# [Try it]
Copy out the lines of the records below, and only those lines, from the one with "Údržba a čistenie" through the one with "Dim.art. 0202840 poumon.", exactly as they appear.

# [Records supplied]

+++++

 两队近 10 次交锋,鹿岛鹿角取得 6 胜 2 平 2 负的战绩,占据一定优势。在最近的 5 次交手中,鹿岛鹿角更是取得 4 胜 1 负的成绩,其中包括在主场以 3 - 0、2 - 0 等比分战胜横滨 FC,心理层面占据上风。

+++++

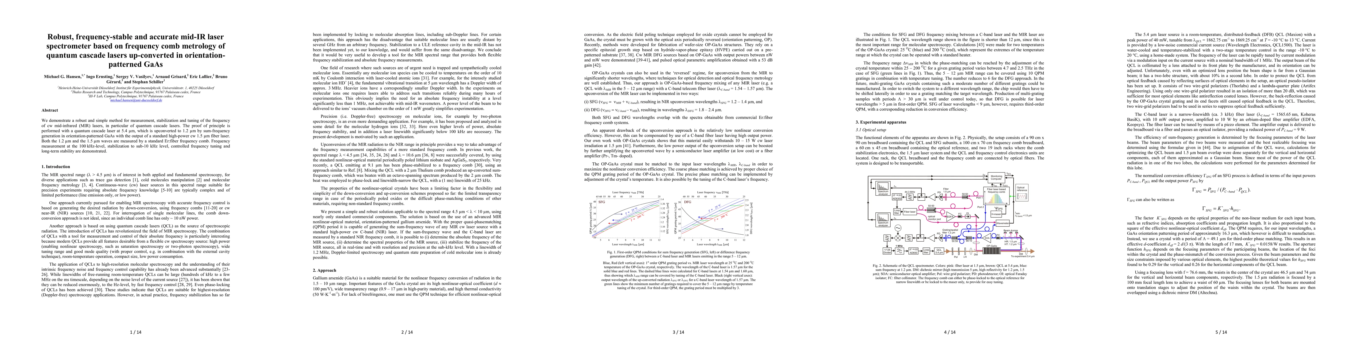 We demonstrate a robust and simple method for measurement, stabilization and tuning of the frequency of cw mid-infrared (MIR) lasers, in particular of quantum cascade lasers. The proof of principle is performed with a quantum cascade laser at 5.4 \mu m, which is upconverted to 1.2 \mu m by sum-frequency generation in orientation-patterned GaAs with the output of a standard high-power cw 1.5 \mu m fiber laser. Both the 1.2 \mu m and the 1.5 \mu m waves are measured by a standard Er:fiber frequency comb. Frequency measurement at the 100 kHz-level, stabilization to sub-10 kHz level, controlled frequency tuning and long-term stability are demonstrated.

+++++

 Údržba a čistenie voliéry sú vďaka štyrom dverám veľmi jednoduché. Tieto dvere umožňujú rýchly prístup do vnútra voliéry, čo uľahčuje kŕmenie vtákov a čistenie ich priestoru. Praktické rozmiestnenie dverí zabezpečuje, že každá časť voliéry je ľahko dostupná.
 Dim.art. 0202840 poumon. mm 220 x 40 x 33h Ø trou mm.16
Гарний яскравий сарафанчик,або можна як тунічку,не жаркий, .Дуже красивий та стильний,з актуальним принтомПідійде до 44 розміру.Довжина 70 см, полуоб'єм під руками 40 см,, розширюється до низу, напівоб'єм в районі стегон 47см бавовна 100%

+++++

# [Reply to the exercise]
 Údržba a čistenie voliéry sú vďaka štyrom dverám veľmi jednoduché. Tieto dvere umožňujú rýchly prístup do vnútra voliéry, čo uľahčuje kŕmenie vtákov a čistenie ich priestoru. Praktické rozmiestnenie dverí zabezpečuje, že každá časť voliéry je ľahko dostupná.
 Dim.art. 0202840 poumon. mm 220 x 40 x 33h Ø trou mm.16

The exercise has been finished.